[[ Information provided open ]]

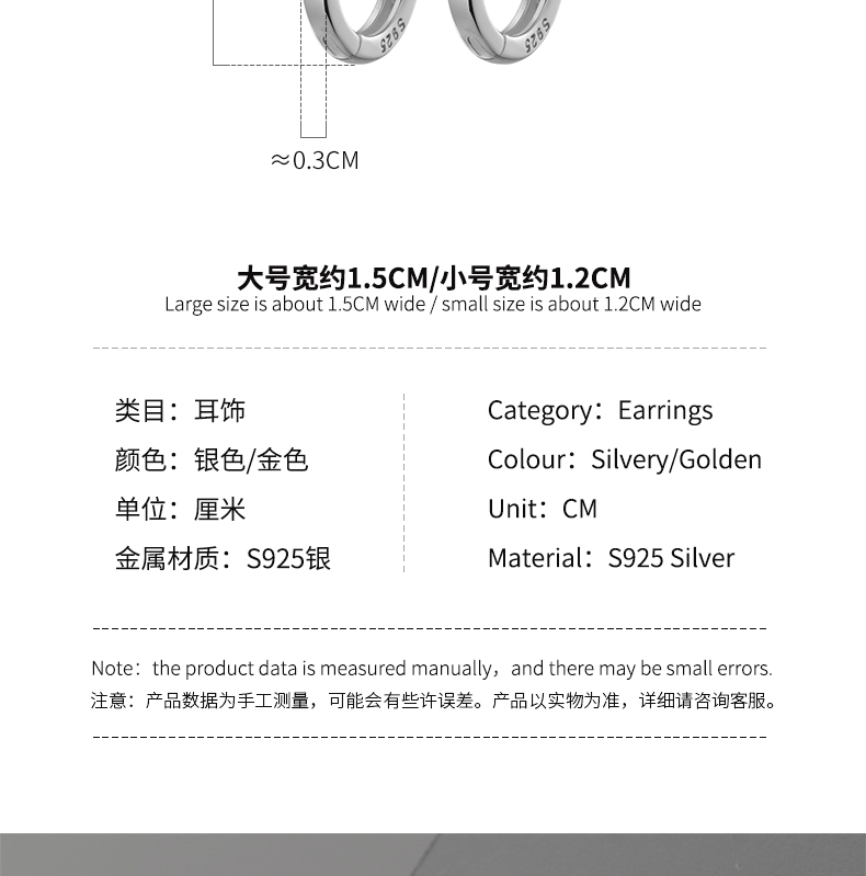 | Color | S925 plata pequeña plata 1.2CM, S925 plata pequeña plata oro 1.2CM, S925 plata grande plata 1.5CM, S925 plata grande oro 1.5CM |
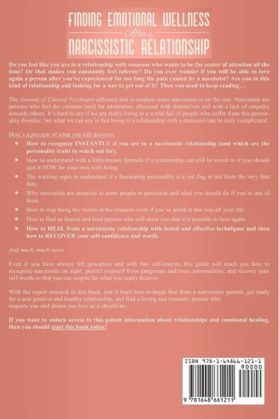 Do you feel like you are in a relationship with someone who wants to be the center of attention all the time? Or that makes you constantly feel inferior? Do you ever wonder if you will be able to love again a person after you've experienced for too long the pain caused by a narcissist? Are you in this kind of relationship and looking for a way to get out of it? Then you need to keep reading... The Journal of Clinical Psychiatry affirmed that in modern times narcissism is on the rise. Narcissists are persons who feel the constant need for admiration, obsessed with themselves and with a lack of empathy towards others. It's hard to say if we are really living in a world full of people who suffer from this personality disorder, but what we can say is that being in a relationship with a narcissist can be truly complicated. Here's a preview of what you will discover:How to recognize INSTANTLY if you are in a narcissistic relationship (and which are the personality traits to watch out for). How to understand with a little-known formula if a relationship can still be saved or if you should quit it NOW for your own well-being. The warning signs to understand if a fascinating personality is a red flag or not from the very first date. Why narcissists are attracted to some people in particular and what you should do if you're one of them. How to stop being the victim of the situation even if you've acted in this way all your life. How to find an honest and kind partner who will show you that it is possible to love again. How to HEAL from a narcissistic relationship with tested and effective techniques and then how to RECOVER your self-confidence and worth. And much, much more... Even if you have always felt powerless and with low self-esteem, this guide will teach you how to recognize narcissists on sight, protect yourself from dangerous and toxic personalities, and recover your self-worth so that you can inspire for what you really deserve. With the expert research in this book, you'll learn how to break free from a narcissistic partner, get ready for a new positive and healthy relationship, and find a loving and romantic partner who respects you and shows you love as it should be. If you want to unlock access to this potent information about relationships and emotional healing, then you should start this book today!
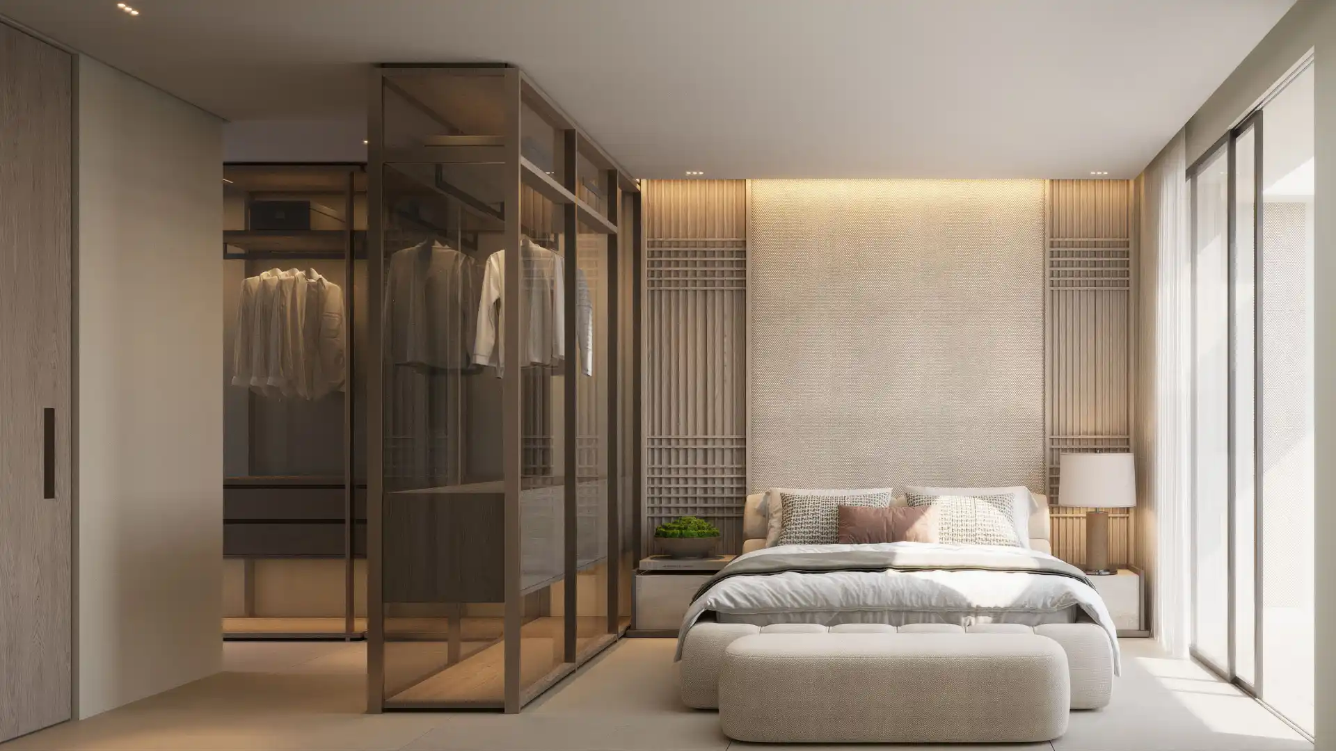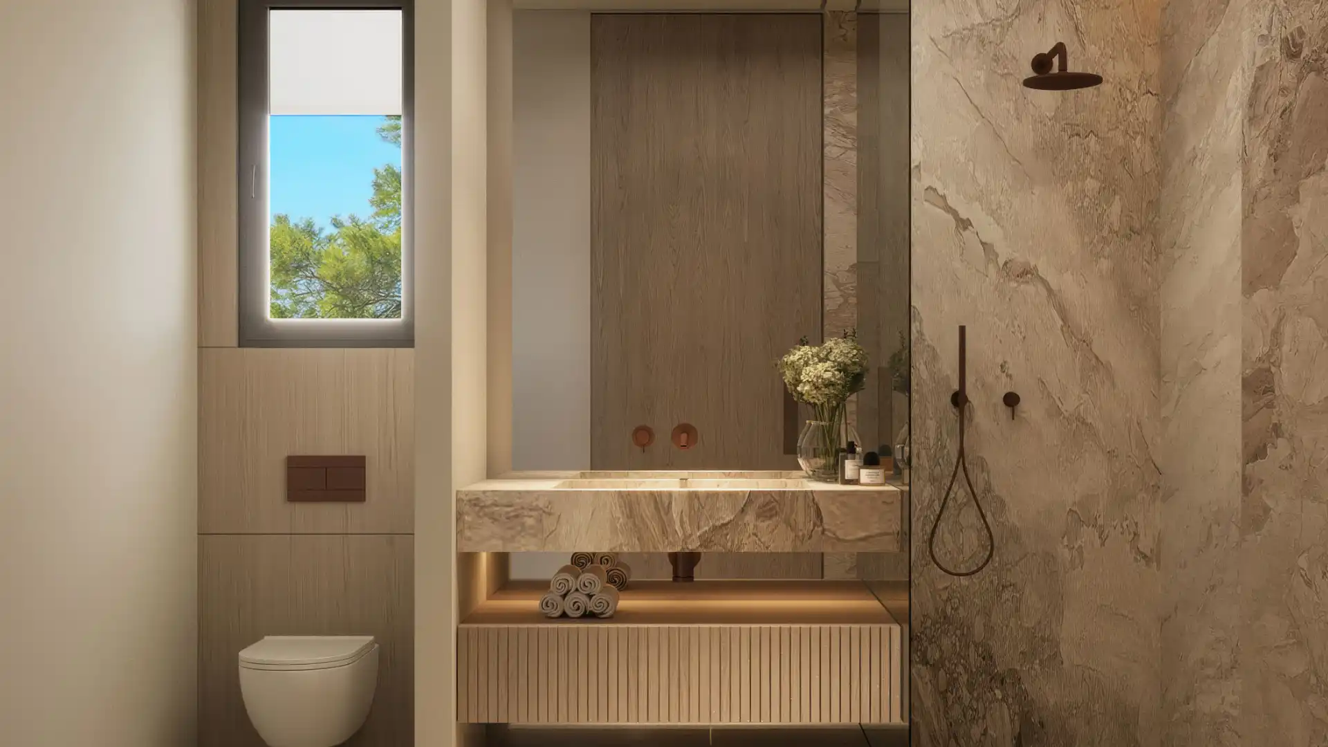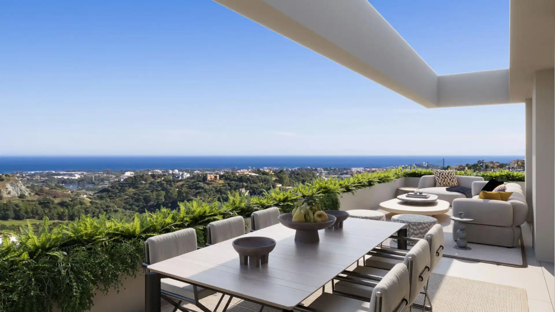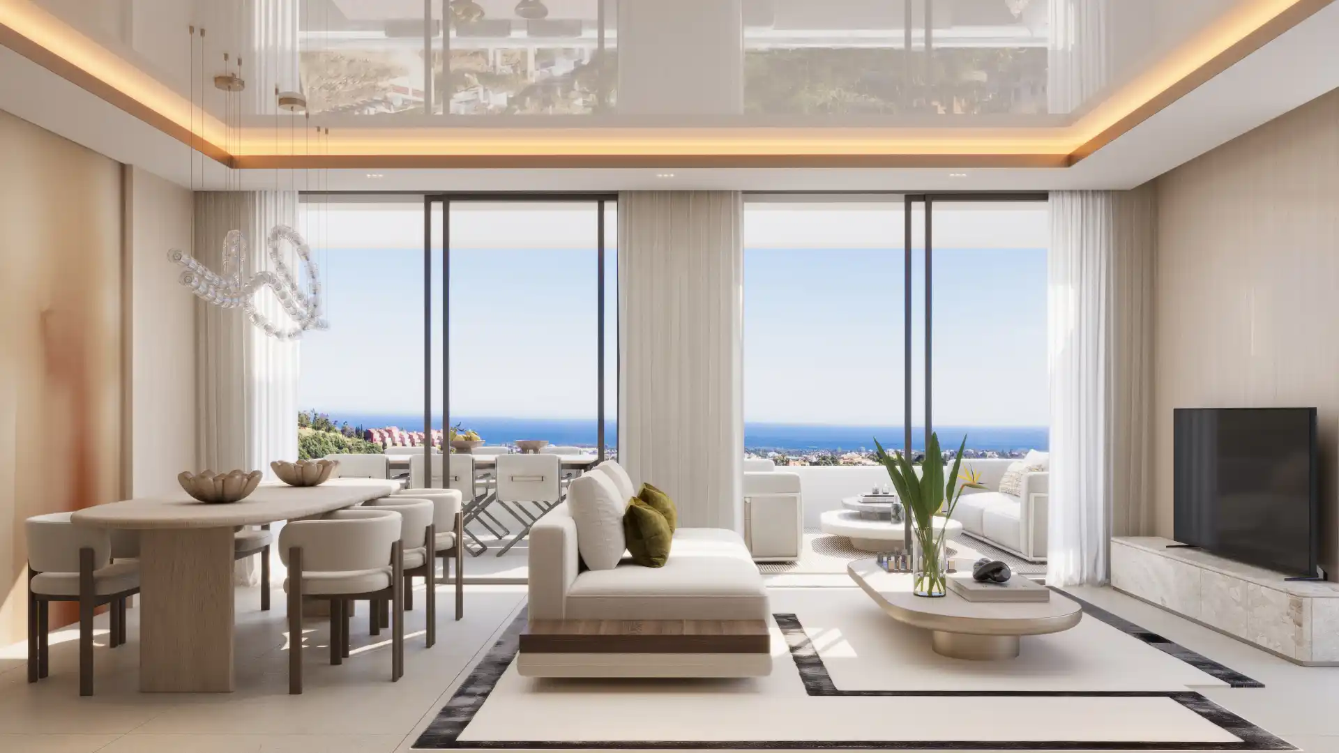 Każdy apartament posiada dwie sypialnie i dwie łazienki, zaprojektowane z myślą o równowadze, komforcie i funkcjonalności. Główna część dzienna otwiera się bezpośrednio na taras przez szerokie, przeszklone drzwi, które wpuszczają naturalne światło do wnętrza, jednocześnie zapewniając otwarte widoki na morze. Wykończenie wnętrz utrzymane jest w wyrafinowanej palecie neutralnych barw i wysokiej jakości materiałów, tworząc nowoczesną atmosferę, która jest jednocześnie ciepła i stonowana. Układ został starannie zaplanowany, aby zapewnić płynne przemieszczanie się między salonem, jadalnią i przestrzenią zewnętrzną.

[[ Information provided closed ]]

_Description of the task_:
The whole listing above, line by line, needs to be copied exactly, except for any images.

_Finished exercise_:
 | Color | S925 plata pequeña plata 1.2CM, S925 plata pequeña plata oro 1.2CM, S925 plata grande plata 1.5CM, S925 plata grande oro 1.5CM |
 Do you feel like you are in a relationship with someone who wants to be the center of attention all the time? Or that makes you constantly feel inferior? Do you ever wonder if you will be able to love again a person after you've experienced for too long the pain caused by a narcissist? Are you in this kind of relationship and looking for a way to get out of it? Then you need to keep reading... The Journal of Clinical Psychiatry affirmed that in modern times narcissism is on the rise. Narcissists are persons who feel the constant need for admiration, obsessed with themselves and with a lack of empathy towards others. It's hard to say if we are really living in a world full of people who suffer from this personality disorder, but what we can say is that being in a relationship with a narcissist can be truly complicated. Here's a preview of what you will discover:How to recognize INSTANTLY if you are in a narcissistic relationship (and which are the personality traits to watch out for). How to understand with a little-known formula if a relationship can still be saved or if you should quit it NOW for your own well-being. The warning signs to understand if a fascinating personality is a red flag or not from the very first date. Why narcissists are attracted to some people in particular and what you should do if you're one of them. How to stop being the victim of the situation even if you've acted in this way all your life. How to find an honest and kind partner who will show you that it is possible to love again. How to HEAL from a narcissistic relationship with tested and effective techniques and then how to RECOVER your self-confidence and worth. And much, much more... Even if you have always felt powerless and with low self-esteem, this guide will teach you how to recognize narcissists on sight, protect yourself from dangerous and toxic personalities, and recover your self-worth so that you can inspire for what you really deserve. With the expert research in this book, you'll learn how to break free from a narcissistic partner, get ready for a new positive and healthy relationship, and find a loving and romantic partner who respects you and shows you love as it should be. If you want to unlock access to this potent information about relationships and emotional healing, then you should start this book today!
 Każdy apartament posiada dwie sypialnie i dwie łazienki, zaprojektowane z myślą o równowadze, komforcie i funkcjonalności. Główna część dzienna otwiera się bezpośrednio na taras przez szerokie, przeszklone drzwi, które wpuszczają naturalne światło do wnętrza, jednocześnie zapewniając otwarte widoki na morze. Wykończenie wnętrz utrzymane jest w wyrafinowanej palecie neutralnych barw i wysokiej jakości materiałów, tworząc nowoczesną atmosferę, która jest jednocześnie ciepła i stonowana. Układ został starannie zaplanowany, aby zapewnić płynne przemieszczanie się między salonem, jadalnią i przestrzenią zewnętrzną.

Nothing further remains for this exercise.